32. The use according to claim 31, wherein the malignant neoplasm is selected from the group: melanoma, non-small cell lung cancer, small cell lung cancer, head and neck cancer, primary mediastinal large B-cell lymphoma, urothelial cancer, stomach cancer, high microsatellite instability/DNA mismatch repair deficient (MMR) malignant neoplasms, hepatocellular cancer, cervical cancer, Merkel cell carcinoma, renal cell carcinoma, endometrial cancer, esophageal cancer, squamous cell skin cancer, basal cell carcinoma, breast cancer, colorectal cancer, prostate cancer, thyroid cancer, bladder cancer, non-Hodgkin lymphoma, Hodgkin lymphoma, pancreatic cancer, ovarian cancer, gallbladder cancer, malignant brain tumor, glioblastoma, tumor with high mutational burden.

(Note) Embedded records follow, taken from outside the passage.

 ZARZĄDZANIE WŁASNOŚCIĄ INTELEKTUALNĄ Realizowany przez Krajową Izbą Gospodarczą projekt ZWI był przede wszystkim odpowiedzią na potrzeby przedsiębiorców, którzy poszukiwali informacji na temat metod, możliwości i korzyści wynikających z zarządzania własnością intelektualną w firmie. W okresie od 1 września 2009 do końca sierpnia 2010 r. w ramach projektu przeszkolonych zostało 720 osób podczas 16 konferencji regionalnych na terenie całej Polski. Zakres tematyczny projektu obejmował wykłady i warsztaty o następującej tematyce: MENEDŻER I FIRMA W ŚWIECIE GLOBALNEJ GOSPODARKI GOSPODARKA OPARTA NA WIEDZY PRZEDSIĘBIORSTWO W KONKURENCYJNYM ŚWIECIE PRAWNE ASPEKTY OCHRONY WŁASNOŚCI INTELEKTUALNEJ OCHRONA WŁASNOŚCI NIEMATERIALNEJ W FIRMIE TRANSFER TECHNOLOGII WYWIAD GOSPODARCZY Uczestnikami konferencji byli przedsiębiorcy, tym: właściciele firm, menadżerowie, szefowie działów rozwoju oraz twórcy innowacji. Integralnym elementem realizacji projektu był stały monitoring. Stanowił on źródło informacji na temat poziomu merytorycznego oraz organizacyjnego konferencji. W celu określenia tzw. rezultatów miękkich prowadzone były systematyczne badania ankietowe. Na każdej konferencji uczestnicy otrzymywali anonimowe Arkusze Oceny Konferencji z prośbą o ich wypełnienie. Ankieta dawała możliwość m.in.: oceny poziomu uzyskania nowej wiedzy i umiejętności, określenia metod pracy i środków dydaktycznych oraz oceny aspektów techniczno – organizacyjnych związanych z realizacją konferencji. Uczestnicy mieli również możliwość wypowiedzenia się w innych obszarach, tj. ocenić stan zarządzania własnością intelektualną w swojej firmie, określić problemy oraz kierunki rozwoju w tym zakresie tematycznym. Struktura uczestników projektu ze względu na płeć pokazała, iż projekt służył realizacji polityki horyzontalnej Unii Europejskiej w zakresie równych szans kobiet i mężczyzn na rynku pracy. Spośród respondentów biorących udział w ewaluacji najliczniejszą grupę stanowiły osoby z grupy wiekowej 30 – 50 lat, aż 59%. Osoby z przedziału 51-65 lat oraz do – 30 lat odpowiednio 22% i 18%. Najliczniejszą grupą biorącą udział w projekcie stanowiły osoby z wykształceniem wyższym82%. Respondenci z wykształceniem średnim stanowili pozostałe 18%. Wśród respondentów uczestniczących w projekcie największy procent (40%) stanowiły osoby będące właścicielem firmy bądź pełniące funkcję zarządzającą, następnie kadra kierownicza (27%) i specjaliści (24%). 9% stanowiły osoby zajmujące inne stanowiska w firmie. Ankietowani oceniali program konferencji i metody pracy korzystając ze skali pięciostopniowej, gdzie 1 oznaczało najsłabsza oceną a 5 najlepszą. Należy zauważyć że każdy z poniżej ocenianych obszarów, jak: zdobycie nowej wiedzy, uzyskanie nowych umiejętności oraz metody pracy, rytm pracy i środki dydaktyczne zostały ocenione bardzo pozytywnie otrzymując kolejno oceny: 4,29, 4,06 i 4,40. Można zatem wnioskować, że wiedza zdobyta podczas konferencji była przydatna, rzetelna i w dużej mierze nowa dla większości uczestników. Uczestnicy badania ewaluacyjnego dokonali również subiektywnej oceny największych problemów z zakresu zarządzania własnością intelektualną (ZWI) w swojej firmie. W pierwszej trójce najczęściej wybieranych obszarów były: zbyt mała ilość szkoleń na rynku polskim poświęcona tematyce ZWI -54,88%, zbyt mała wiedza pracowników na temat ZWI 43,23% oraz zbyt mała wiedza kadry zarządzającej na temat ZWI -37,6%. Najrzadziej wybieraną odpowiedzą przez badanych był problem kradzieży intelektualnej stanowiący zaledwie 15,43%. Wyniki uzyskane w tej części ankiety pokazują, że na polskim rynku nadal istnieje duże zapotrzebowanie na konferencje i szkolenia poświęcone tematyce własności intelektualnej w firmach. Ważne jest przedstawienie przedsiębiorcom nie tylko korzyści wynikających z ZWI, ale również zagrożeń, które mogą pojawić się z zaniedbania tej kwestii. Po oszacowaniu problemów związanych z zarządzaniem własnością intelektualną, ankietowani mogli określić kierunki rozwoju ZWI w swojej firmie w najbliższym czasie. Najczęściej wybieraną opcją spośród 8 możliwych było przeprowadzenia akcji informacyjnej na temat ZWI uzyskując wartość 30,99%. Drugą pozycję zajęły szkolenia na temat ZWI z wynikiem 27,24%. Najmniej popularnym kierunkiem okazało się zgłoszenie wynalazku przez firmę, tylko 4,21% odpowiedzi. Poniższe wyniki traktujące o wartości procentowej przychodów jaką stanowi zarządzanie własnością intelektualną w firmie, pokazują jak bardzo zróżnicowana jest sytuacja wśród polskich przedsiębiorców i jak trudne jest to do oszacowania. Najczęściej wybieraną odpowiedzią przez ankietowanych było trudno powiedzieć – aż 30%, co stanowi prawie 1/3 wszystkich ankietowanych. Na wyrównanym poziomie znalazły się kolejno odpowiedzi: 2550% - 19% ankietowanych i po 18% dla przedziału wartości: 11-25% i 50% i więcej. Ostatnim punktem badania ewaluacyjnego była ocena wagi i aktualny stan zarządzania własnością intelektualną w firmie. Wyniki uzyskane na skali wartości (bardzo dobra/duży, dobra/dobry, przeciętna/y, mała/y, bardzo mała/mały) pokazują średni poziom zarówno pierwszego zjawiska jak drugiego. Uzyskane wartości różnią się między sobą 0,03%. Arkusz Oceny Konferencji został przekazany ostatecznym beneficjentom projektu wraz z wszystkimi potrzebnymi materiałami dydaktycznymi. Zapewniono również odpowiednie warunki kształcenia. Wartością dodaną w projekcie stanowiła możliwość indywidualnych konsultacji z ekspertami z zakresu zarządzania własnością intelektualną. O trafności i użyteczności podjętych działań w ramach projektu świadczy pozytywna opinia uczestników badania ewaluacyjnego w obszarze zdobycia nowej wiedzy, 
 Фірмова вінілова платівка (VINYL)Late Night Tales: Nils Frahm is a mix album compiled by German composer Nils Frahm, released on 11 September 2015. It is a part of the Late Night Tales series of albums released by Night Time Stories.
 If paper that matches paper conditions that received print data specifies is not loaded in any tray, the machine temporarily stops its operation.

33. Use of the pharmaceutical composition of pembrolizumab according to any of claims 1-30 for producing a medicinal product intended for treating a malignant neoplasm or infectious disease.

34. The use according to claim 33, wherein the malignant neoplasm is selected from the group: melanoma, non-small cell lung cancer, small cell lung cancer, head and neck cancer, primary mediastinal large B-cell lymphoma, urothelial cancer, stomach cancer, high microsatellite instability/DNA mismatch repair deficient (MMR) malignant neoplasms, hepatocellular cancer, cervical cancer, Merkel cell carcinoma, renal cell carcinoma, endometrial cancer, esophageal cancer, squamous cell skin cancer, basal cell carcinoma, breast cancer, colorectal cancer, prostate cancer, thyroid cancer, bladder cancer, non-Hodgkin lymphoma, Hodgkin lymphoma, pancreatic cancer, ovarian cancer, gallbladder cancer, malignant brain tumor, glioblastoma, tumor with high mutational burden.